First-in-Human Study of the CD123 NK Cell Engager SAR443579 in Relapsed or Refractory Acute Myeloid Leukemia, B-Cell Acute Lymphoblastic Leukemia or High Risk-Myelodysplasia: Updated Safety, Efficacy, Pharmacokinetics and Pharmacodynamics

Introduction: SAR443579 (SAR’579) is a trifunctional anti-CD123 NKp46xCD16 natural killer cell engager, facilitating the formation of a cytolytic synapse between natural killer (NK)-cells and CD123-positive tumor cells leading to NK-cell activation and tumor cell killing. Herein, we report data of SAR’579 from TCD17197, an on-going phase 1/2 trial in patients (pts) with relapsed or refractory acute myeloid leukemia (R/R AML), B-cell acute lymphoblastic leukemia or high risk-myelodysplasia (HR-MDS) (NCT05086315).

Methods: TCD17197 is a first-in human, open-label, multicenter study designed to characterize the overall safety and tolerability profile of SAR’579 and to assess preliminary anti-leukemic activity per International Working Group criteria. SAR’579 was administered intravenously for three 28-day induction cycles, either twice weekly or once weekly (QW), depending on the dose level (DL) for the first 2 weeks and then weekly for the remainder of the induction cycles. Pts achieving a complete remission (CR) or incomplete hematologic recovery (CRi) transitioned to maintenance with dosing approximately once every four weeks. Bone marrow and peripheral blood samples were taken at various time points to assess treatment response, pharmacokinetics, and pharmacodynamics.

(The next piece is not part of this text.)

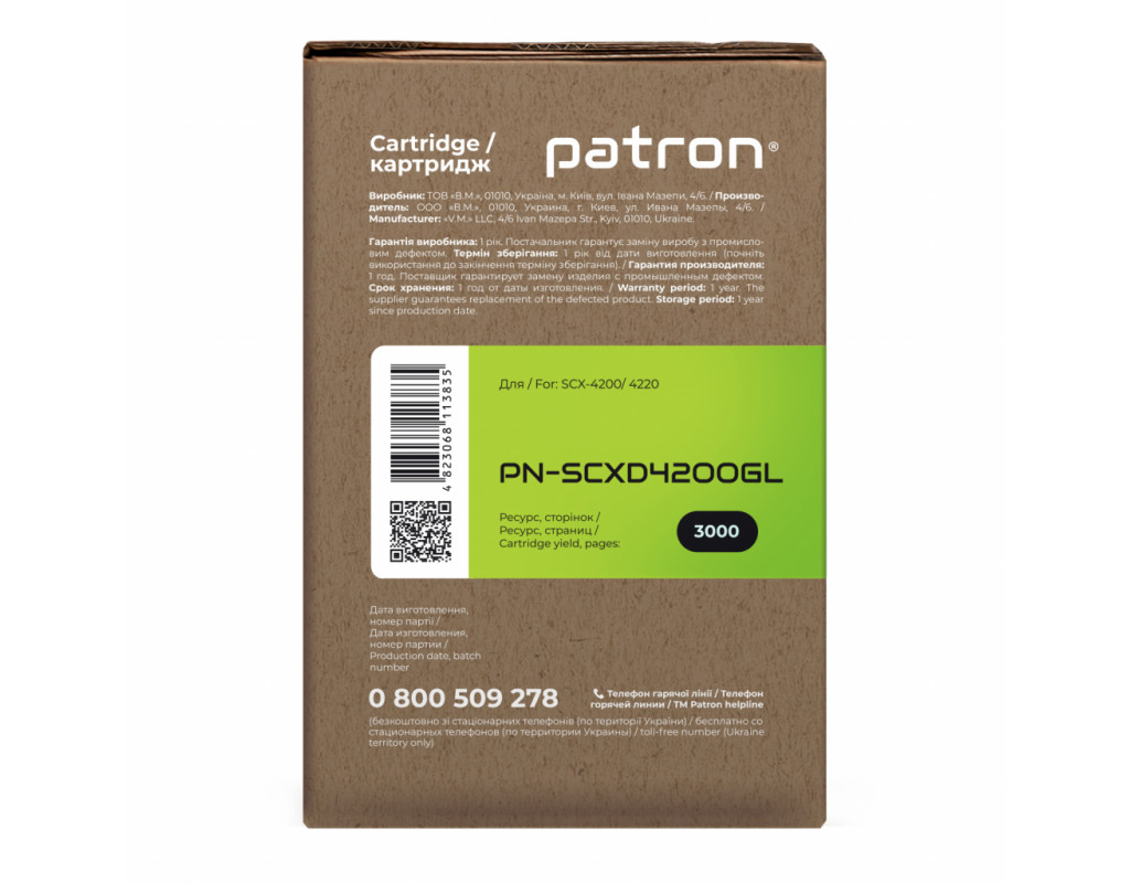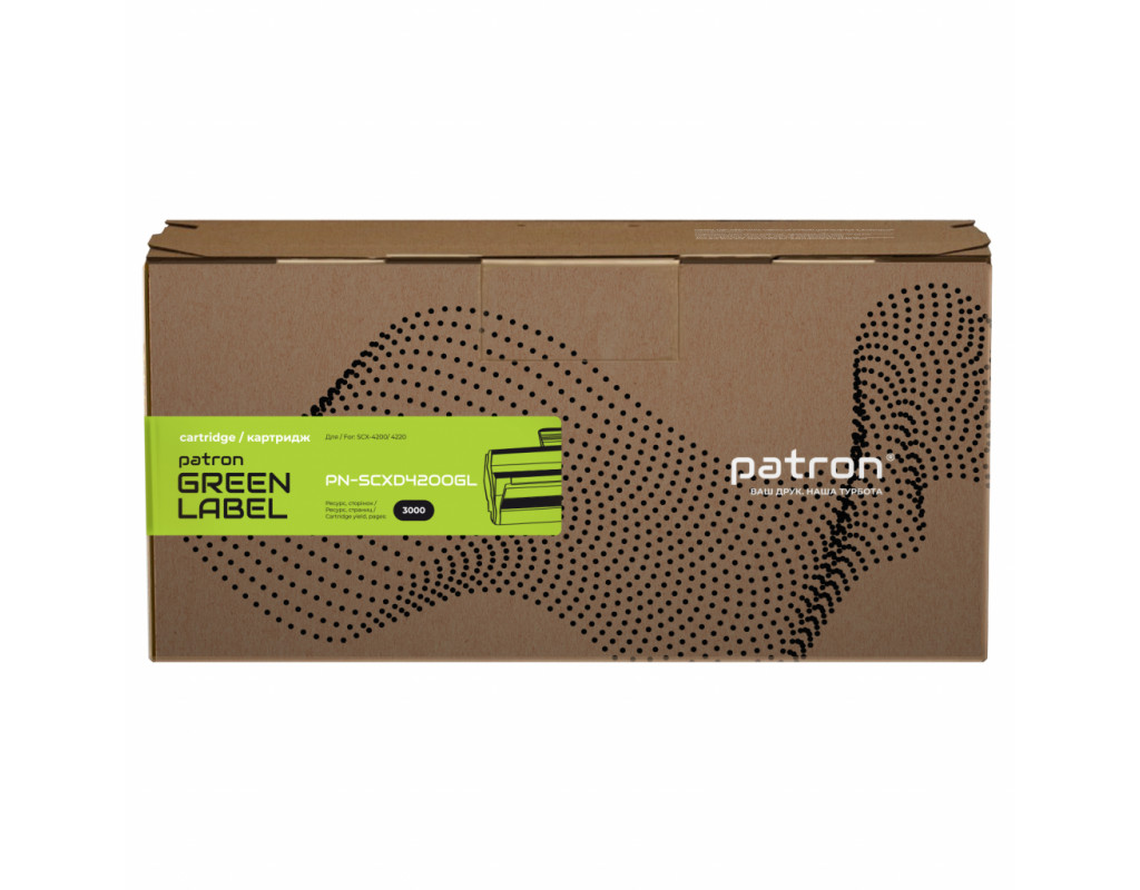 PATRON SAMSUNG SCX-4200/4220 GREEN Label чудово підійде для використання як в офісних, так і домашніх пристроях. Він має ресурс друку - 3000 стор при 5%-ному заповненні аркуша формату А4. Для виготовлення даного картриджа використовуються якісні перевірені комплектуючі. Готові картриджі перед продажем проходять більш високу ступінь контролю серед картриджів своєї категорії, що є гарантією надійності. Можливість заправки. Якість друку і ресурс тестуються за міжнародним стандартом STMC.

Results: As of July 05, 2023, 43 pts (42 R/R AML and 1 HR-MDS) across 8 DLs at 10 – 6000 µg/kg/dose (3 in DL1, 4 each in DL2 – DL5 and 8 each in DL6 – DL7 and DL1mg) were included. The median age was 68 years (21 – 81). Pts had received a median of 2.0 (1.0 –10.0) prior lines of treatment with 13 pts (30.2%) reporting prior hematopoietic stem cell transplantation and 36 pts (83.7%) with prior exposure to venetoclax. Median white blood cell count at screening was 2.8 × 10⁹/L (0.2 – 12.2 × 10⁹/L). Median bone marrow blast burden at study entry was 50% (2.8 – 90.0) and 7 (16.28%) pts had extramedullary disease. Pts received a median of 2 cycles (1 – 9) with a median treatment duration of 7.9 weeks (1 – 49). No dose limiting toxicities (DLTs) were observed up to the highest dose of 6000 µg/kg QW. TEAEs were reported in 42 pts (97.7%) with grade ≥3 adverse events (AEs) in 28 pts (65.1%). No TEAE lead to the permanent discontinuation of SAR’579. The most common treatment-emergent adverse events (TEAEs) were infusion-related reactions (n = 29 [67.4%]) and constipation (n = 11 [25.6%]) all being ≤ grade 2 events. Treatment-related AEs occurred in 32 pts (74.4%), with one (2.3%) grade 4 neutropenia. There were 2 cases of grade 1 cytokine release syndrome at DL4 and DL5, and no case of immune effector cell-associated neurotoxicity syndrome. The composite complete remission rate (CR+CRi) was 12.0% (5/42 R/R AML). In DLs with a highest dose of 1000 µg/kg QW, (DL3, DL4, DL1mg) 5/15 (33.3%) pts achieved a CR (4 CR/1 CRi) as of the cut-off date. Complete remissions were observed upon completion of 1 (CR & CRi), 2, 3 and 4 cycles of treatment, and the median duration of CR/CRi is not estimable. Data from updated PK/PD and in vitro mechanistic analyses studying dose-response relations will be presented.

Conclusions: SAR’579 was well tolerated up to doses of 6000 µg/kg QW with observed clinical benefit in pts with R/R AML. The results are consistent with the predicted favorable safety profile.